EFT is based on tapping specific acupressure points while talking about aspects of situations that have caused emotional responses and stress. EFT has been available for anyone to use for a long time. A manual that describes in detail how to do it is downloadable for free, at www.eftuniverse.com. EFT is considered in general to be something that you can learn to do easily and safely for yourself.
For the last 15 years, more and more good studies have been accumulating showing its safety and effectiveness, including studies of near-miraculous results with veterans who have suffered from PTSD, sometimes for decades.
That said, if you have known PTSD, or a background now called ACE (adverse childhood experience) or CEN (childhood emotional neglect, or any other psychological or psychiatric diagnosis, I recommend that you do EFT with a qualified practitioner. For a list of EFT Therapists (people who have gone through a rigorous certification program that includes 50 supervised by a certified mentor, thousands of pages of reading followed by a very comprehensive final exam, and an ethics exam) see either Association for Comprehensive Energy Psychology site www.energypsych.org, or the EFT Universe site, www.eftuniverse.com.

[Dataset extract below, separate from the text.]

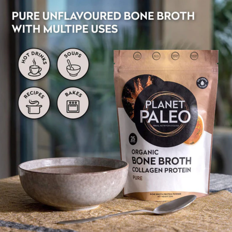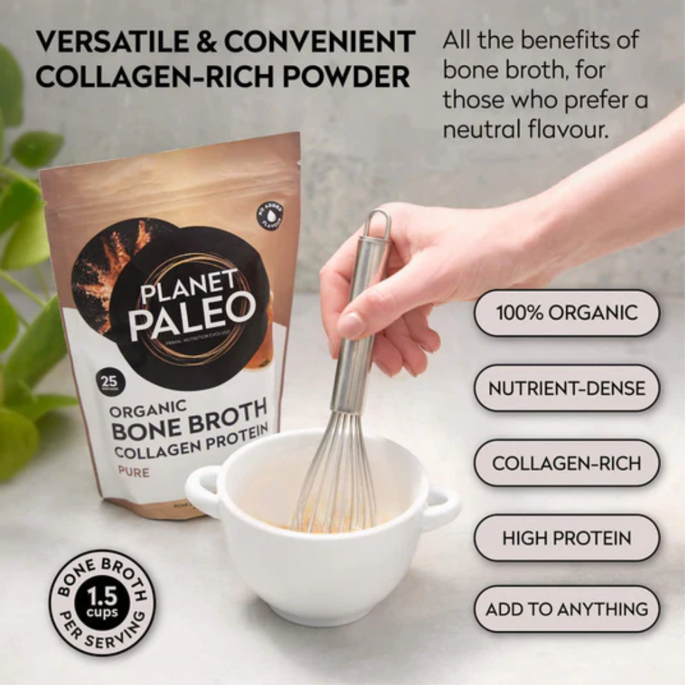 Planet Paleo prioritises ethically sourced, grass fed ingredients and traditional preparation methods, ensuring a clean and naturally nutrient dense product. This simple, single ingredient bone broth is free from fillers, flavourings and anti caking agents perfect for anyone seeking high quality collagen support that aligns with sustainable, whole food principles. Each serving delivers a powerful dose of protein and amino acids, supporting gut health, immunity and daily wellbeing.

To do EFT, you tap with fingertip pressure on a set pattern of acupressure points. As you tap, you repeat a phrase that describes your experience and helps you counter your current stress in a positive way. Though it may sound incredible, this exercise lowers your body’s stress response and even makes changes in old neurologic patterns, notably in severe post-traumatic stress disorder (PTSD). There are now many good studies, including several studies done with veterans suffering from PTSD, documenting the effectiveness of EFT.
According to Mark Hyman, M.D., who recently opened the Center for Functional Medicine at the Cleveland Clinic, EFT’s “tapping interrupts the body’s stress response quickly and effectively.” In his foreword to The Tapping Solution, a book by renowned EFT expert Nick Ortner, Dr. Hyman writes that tapping is a “fast-acting, noninvasive way to proactively manage the stress that so often leaves our bodies vulnerable to disease.”
The standards of EFT research are rigorous. They adhere to American Psychological Association guidelines. There are more than 100 qualified studies listed on the www.eftuniverse.com. Here is a quote from the research section of the site regarding research standards:
“There are over 5,000 stories on this web site written by people who have recovered from a wide variety of physical and psychological challenges using EFT. This anecdotal evidence is consistent with rigorous scientific research showing that EFT is an "evidence-based" method. Studies show that EFT is effective as a self-help tool, while it is also used in many healthcare settings by medical and mental health professionals.”